If you have the space and are really committed to using a sauna, you can get one like this one for your home:
Since I live in an apartment, it’s not feasible to have a sauna installed in my house, so an infrared sauna blanket is a great choice.
An infrared sauna blanket offers many of the benefits of a traditional infrared sauna but is more practical for most people who want to do a sauna at home and don’t live in Finland – where every home, and even prisons, have saunas as they are considered essential.
3 Good Choices for Infrared Sauna Blankets
FAQs About the Benefits of a Sauna After a Workout or Hike
How does the heat from a sauna help your body recover after doing a winter hike or outdoor workout in cold months?
The heat from a sauna dilates blood vessels, increasing blood flow and delivering oxygen and nutrients to muscles, which helps to reduce pain and stiffness from cold exposure. Plus, it’s motivating to know you have a warm sauna waiting for you after your outdoor activity in the cold.
How long should I sit in a sauna after a workout or hike?
A 10-15 minute sauna session is usually enough. If you want to do it for longer, then get out of the sauna, and cool off. You could do a Wim Hof Icebath for even more benefits, then return to the sauna for another session.
It’s important to listen to your body and not overdo it. You also want to drink plenty of water before and after to replenish lost fluids.
You don’t want to do it too long as longer sauna sessions can lead to dehydration and heat exhaustion.
Should I do a sauna before or after my workout or hike?
It depends on which benefits you’re seeking.
Pre-Workout Sauna Session: This can warm up your muscles, increase heart rate and improve circulation, which prepares the body for physical activity and may make your exercise seem easier.

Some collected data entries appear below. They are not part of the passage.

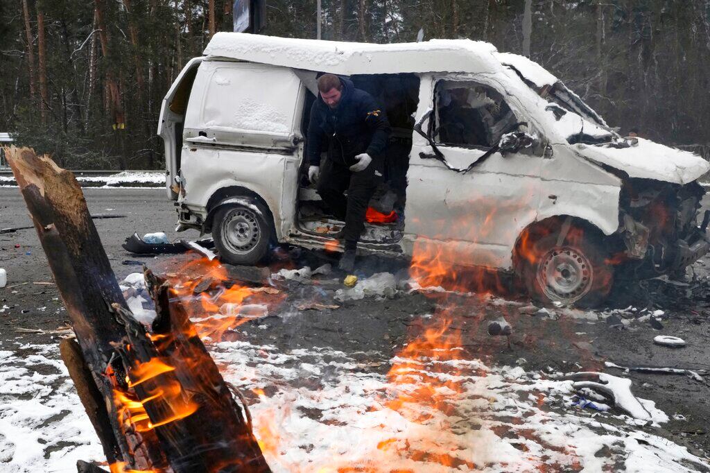 El violento ataque se produjo poco después que los rusos atacaron el centro de Járkiv, la segunda ciudad más grande de Ucrania, causando fuertes daños en un edificio municipal emblemático de la era soviética. Una filmación de circuito cerrado mostró una bola de fuego frente al edificio y unos pocos autos que salían de entre el humo.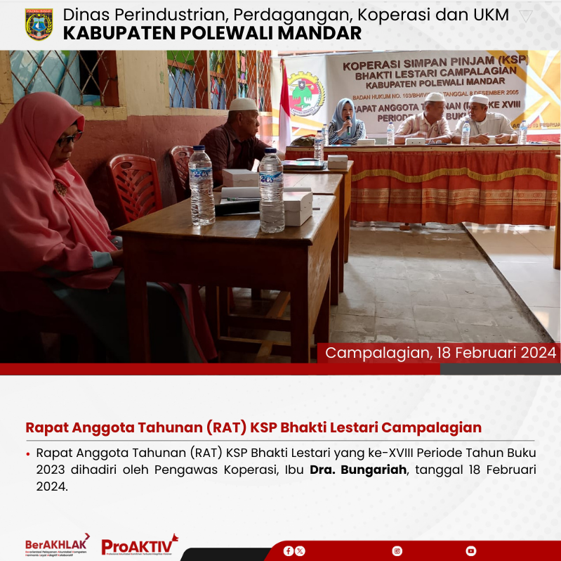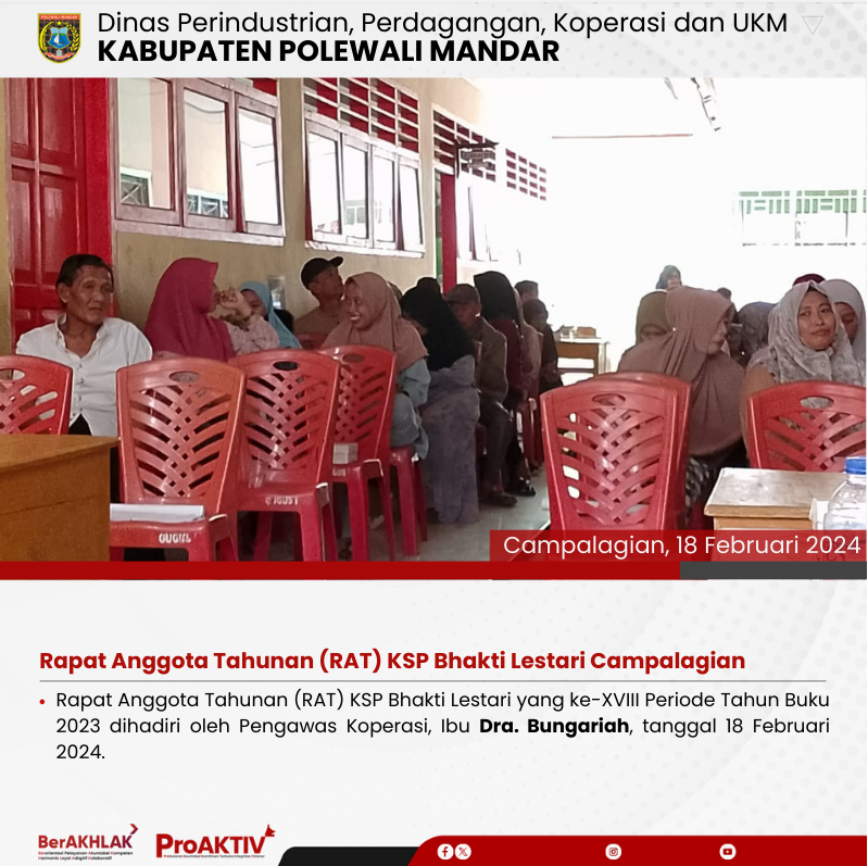Kepala Dinas Perindustrian, Perdagangan, Koperasi dan UKM Kabupaten Polewali Mandar, Andi Chandra Sigit, ST., M.A.P beserta Kepala Bidang Koperasi, Nabil Wijdan Al Hamdani, S.STP. M.Si menghadiri undangan Rapat Konsolidasi Koperasi Desa Merah Putih yang berlangsung di Hotel Maleo pada tanggal 6 hingga 8 November 2025. Kegiatan ini dilaksanakan dalam rangka memperkuat koordinasi dan sinergitas antar lembaga dalam pengembangan sektor koperasi dan usaha kecil menengah di daerah....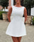 This women’s wedding guest dress features a sleeveless upper section with a boat neckline trimmed with small bead details along the edge. Vertical seam lines extend from the neckline down the front surface. The skirt is cut in an A-line shape and ends above the knees, forming a mini length. The back shows a low scoop neckline with a centered zipper closure. A large bow detail is attached at the back waist area of the wedding guest dress.
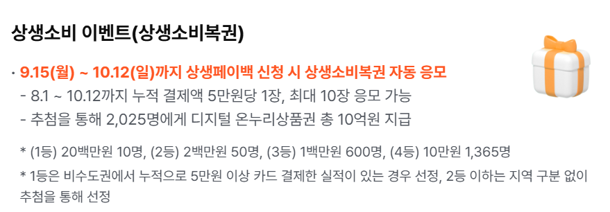 - 참여 조건: 상생페이백 신청 시 자동 응모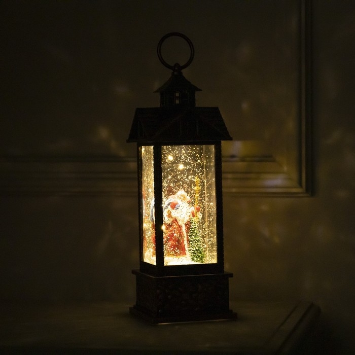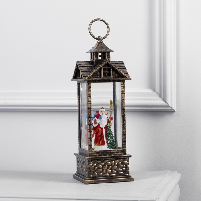 Светодиодная фигура «Фонарь с Дедом Морозом и подарками» 10 × 30 × 10 см, пластик, батарейки ААх3 (не в комплекте), USB, свечение тёплое белое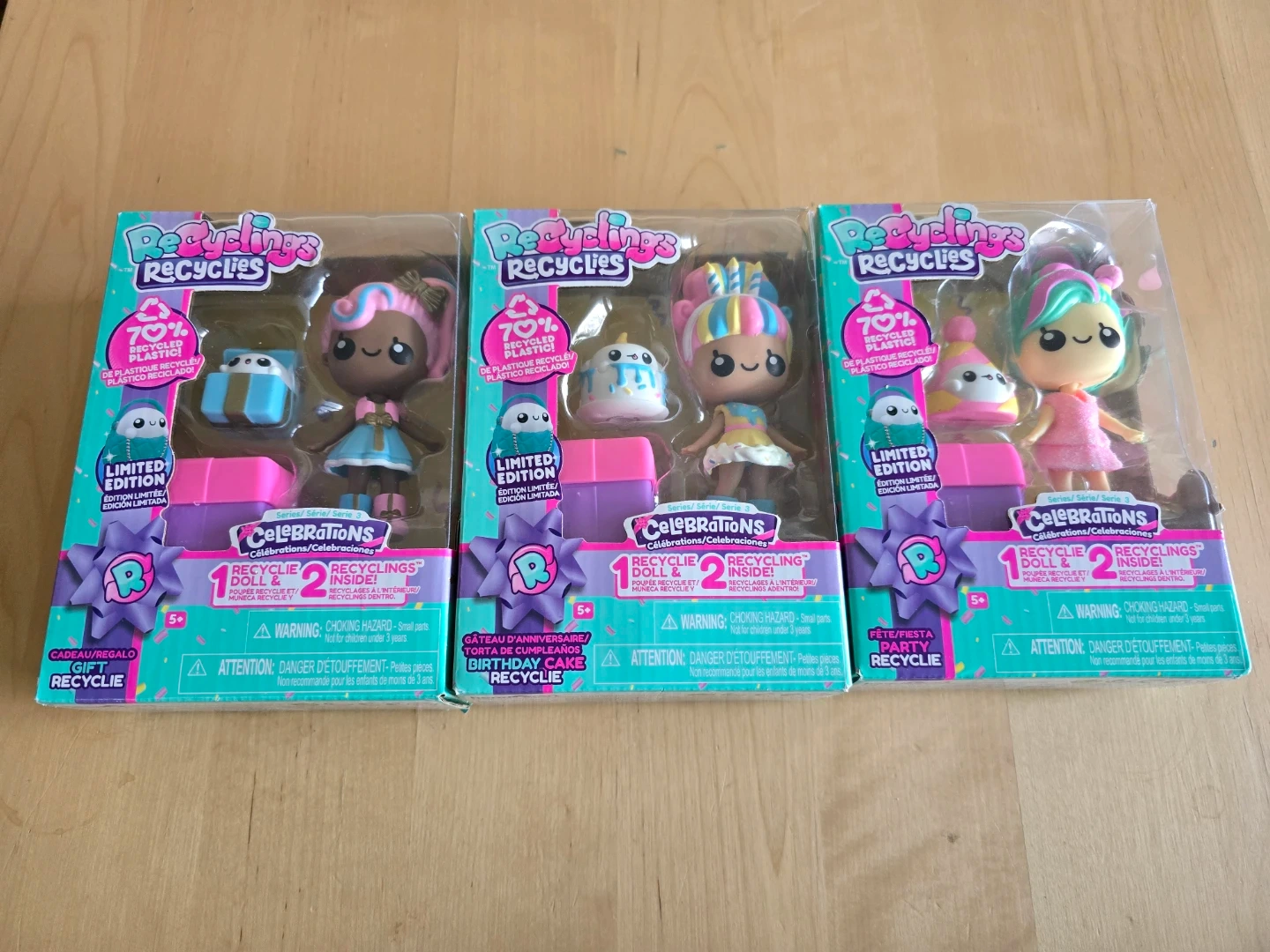 Selling a 3-pack of Recyclings Celebrations Series 3 dolls. Each doll is made with 70% recycled plastic and comes with a surprise recycling inside. Great for kids aged 5 and up!

Post-Exercise Sauna Session:
This is good for relaxation and recovery and can help reduce muscle soreness and increase flexibility.

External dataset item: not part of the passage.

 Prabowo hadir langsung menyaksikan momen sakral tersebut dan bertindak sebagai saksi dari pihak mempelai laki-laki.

How many times per week should I do a sauna session for maximum health benefits?
While it varies from person to person, aim for 2-3 times per week of sauna bathing to get the right balance of health benefits while avoiding overuse.
Just like exercising, a single sauna session won’t provide many long-lasting benefits. You need to practice sauna bathing regularly to get real benefits.
What are the adverse effects of sauna usage?
While I’ve talked about all the amazing reasons to do a sauna after a workout or hike, there are a few adverse side effects to be aware of. Fortunately, most are preventable.
1. Dehydration: If you stay in a sauna too long, you can get dehydrated. Prevent this by drinking plenty of work before, during and afterwards. If you do find that you’re dehydrated, take some electrolytes.
2. Heat exhaustion: Overuse can result in heat exhaustion, characterized by symptoms such as dizziness, nausea, and fainting. This can be prevented by going 2-3 times a week and not staying in the sauna too long.
And if you have low blood pressure, as I do, then choose a lower sauna temperature and avoid saunas with a very hot temperature.
3. Skin irritation: The high heat and dry air in a sauna can cause skin irritation, especially if you have sensitive skin. You can prevent this by starting for just a few minutes in a lower-temperature sauna and seeing how your skin reacts. If you notice any signs of irritation, then get out of the sauna immediately.
4. Increase blood pressure: Saunas may cause a temporary increase in blood pressure. If you already have high blood pressure or cardiovascular issues, a sauna may not be a good option for you. Check with your doctor first before doing a sauna after a workout session.